EXERCISE DESCRIPTION
Nothing outside the range below should be printed. Output exactly the lines from the line with "各コートで快音響かせ熱戦が繰" to the line with "Een impressie over", both included.

SUPPLIED MATERIAL

━━━━━━

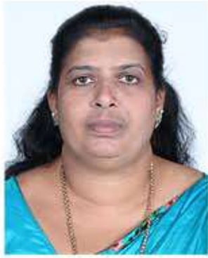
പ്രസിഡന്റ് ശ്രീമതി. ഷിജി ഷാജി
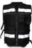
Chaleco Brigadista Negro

━━━━━━

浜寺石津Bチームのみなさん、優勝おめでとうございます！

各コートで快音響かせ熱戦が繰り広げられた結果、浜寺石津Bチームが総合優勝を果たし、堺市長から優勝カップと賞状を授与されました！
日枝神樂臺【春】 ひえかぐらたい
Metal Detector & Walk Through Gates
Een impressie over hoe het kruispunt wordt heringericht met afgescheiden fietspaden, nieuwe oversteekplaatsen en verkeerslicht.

━━━━━━

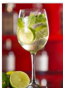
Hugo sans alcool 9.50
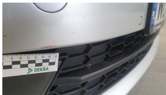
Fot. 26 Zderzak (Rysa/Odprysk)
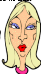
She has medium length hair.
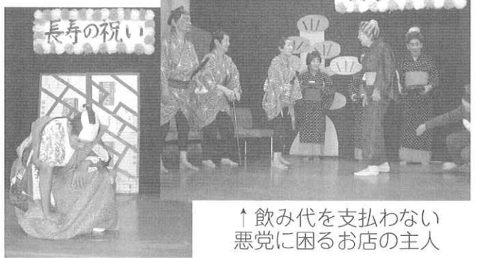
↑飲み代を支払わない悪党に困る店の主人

━━━━━━

TASK RESULT
各コートで快音響かせ熱戦が繰り広げられた結果、浜寺石津Bチームが総合優勝を果たし、堺市長から優勝カップと賞状を授与されました！
日枝神樂臺【春】 ひえかぐらたい
Metal Detector & Walk Through Gates
Een impressie over hoe het kruispunt wordt heringericht met afgescheiden fietspaden, nieuwe oversteekplaatsen en verkeerslicht.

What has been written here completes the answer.